Like other flaviviruses, Zika virus comprises a single-stranded positive sense RNA genome that encodes a viral polyprotein, which is post-translationally processed by host-cell proteases and the viral NS2B-NS3 protease into three structural (C, prM/M, E) and seven nonstructural proteins (NS1, NS2A, NS2B, NS3, NS4A, NS4B, NS5). The NS2B-NS3 protease of flaviviruses is considered a promising antiviral drug target, and several lead compounds have already been discovered for the corresponding dengue virus proteases.3 NS2B-NS3 is a serine protease, which consists of the N-terminal domain of NS3 and a short cofactor from the hydrophilic core sequence of NS2B. For in vitro screening campaigns, three different Zika virus NS2B-NS3 protease (ZIKVpro) constructs have been proposed and crystallized. First, a construct with a covalent linker peptide between NS2B and NS3 (gZiPro) was adopted based on previous successful dengue and West Nile virus protease constructs.4 Two additional unlinked versions have been described, which are based on either NS2B/NS3 coexpression (bZiPro)5 or an autocleavage site in the linker peptide between NS2B and NS3 (eZiPro).6 The C-terminal tetrapeptide of NS2B in eZiPro was shown to interfere with access of substrate to the active site.6

Few ZIKVpro inhibitors have been described so far.7 The most effective ones are substrate-derived peptide analogs that bind covalently to the catalytically active serine residue (e.g., cn-716, Figure 2).4,8,9 However, due to conserved features in substrate recognition among serine proteases, these compounds display only poor selectivity between flaviviral and host proteases.8 Therefore, alternative non-active-site inhibitors that do not mimic the substrate or transition state may exhibit decreased off-target effects. Recently, natural products as well as compounds derived from previous West Nile virus screening campaigns have been reported to act as micromolar allosteric inhibitors of ZIKVpro.10,11 In view of the limited coverage of chemical space offered by natural products and compound libraries, as well as common bias for promiscuous binders, we set out to identify completely new structural scaffolds de novo by capitalizing on recent advances in mRNA display techniques.

Figure 2.

Figure 2

Chemical structures of synthesized hit compounds 1 and 2 that were identified as nanomolar noncompetitive inhibitors of the Zika virus NS2B-NS3 protease. Compound cn-716 is a previously published4 covalent active-site inhibitor of the Zika virus NS2B-NS3 protease, which has been used in this study for comparison.

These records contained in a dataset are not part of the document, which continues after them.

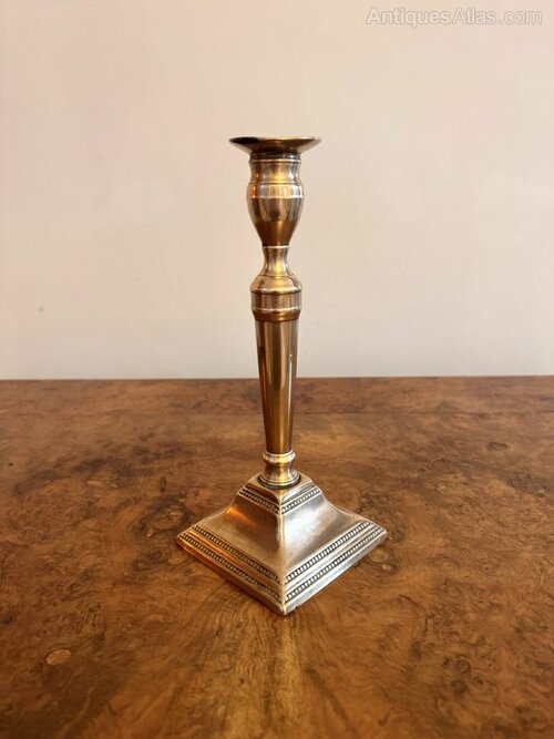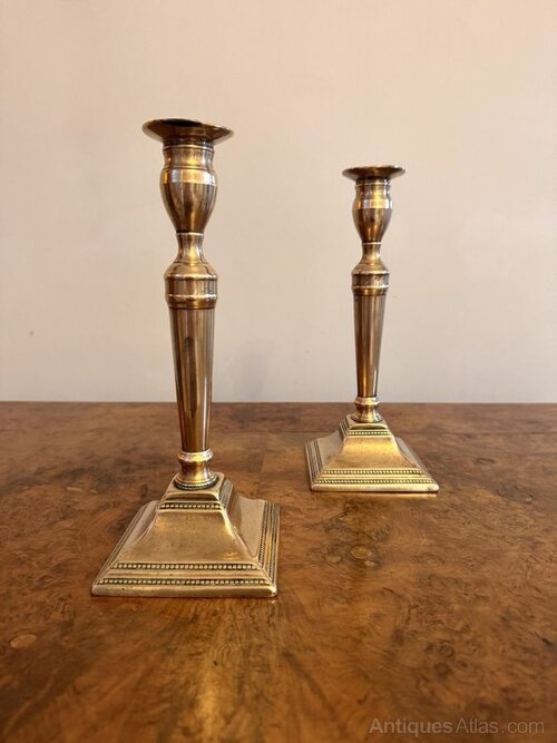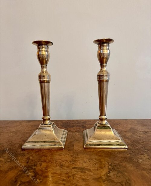 Elegant quality pair of antique Victorian brass candlesticks having a quality pair of antique brass candlesticks with turned columns raised on a stepped square brass base with beaded detail.
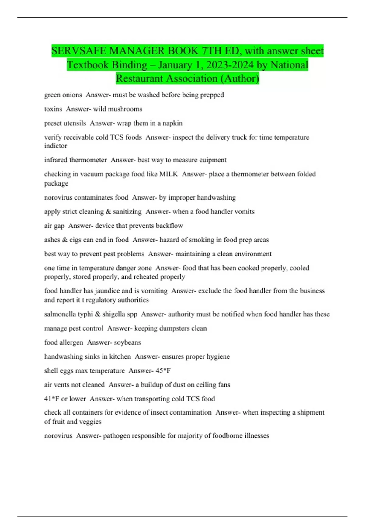 SERVSAFE MANAGER BOOK 7TH ED, with answer sheet Textbook Binding – January 1, by National Restaurant Association (Author)
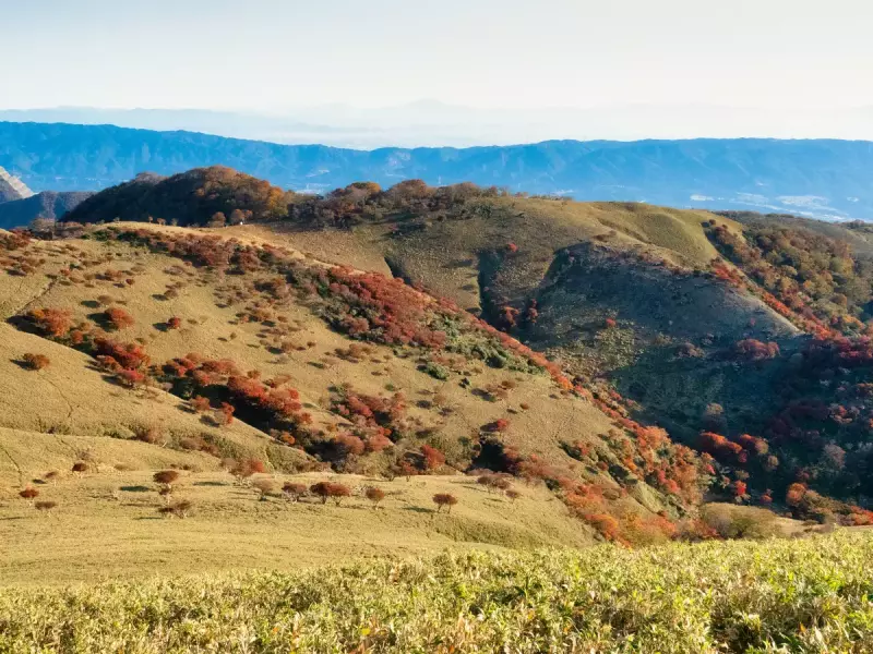 伊吹山の紅葉はカエデ、ブナ、カンボクなどの木々の紅葉が美しく、アクセスも良好なので手軽に紅葉登山を楽しめます。テラス駐車場から山頂までは3つの登山道があり、長くても片道1.5km、短いものだと500mと初心者も安心して登頂可能です。

Small (<2 kDa) macrocyclic peptides are appealing starting points for such drug discovery. A key strength of macrocyclic peptides is that high-affinity ligands can be isolated for nearly any target rapidly using display screening approaches (phage display, mRNA display, etc.).12 Moreover, display screening can be combined with genetic code reprogramming techniques, allowing the screening of libraries incorporating structural characteristics such as backbone N-methylation and/or d-stereochemistry, which have been shown to improve biostability and membrane permeability, and therefore making the resulting hit compounds better starting points for drug discovery efforts than canonical peptides.1214 In the present study, we have used such a screening approach (Random nonstandard Peptide Integrated Discovery, RaPID; Figure S1) to identify potent macrocyclic peptide ligands of ZIKVpro. These peptide ligands were specific noncompetitive inhibitors for ZIKVpro, and several were found to display submicromolar inhibition constants (Ki). This study highlights the ability of such screening approaches to rapidly identify potent inhibitors of newly discovered targets such as those from emerging viral diseases.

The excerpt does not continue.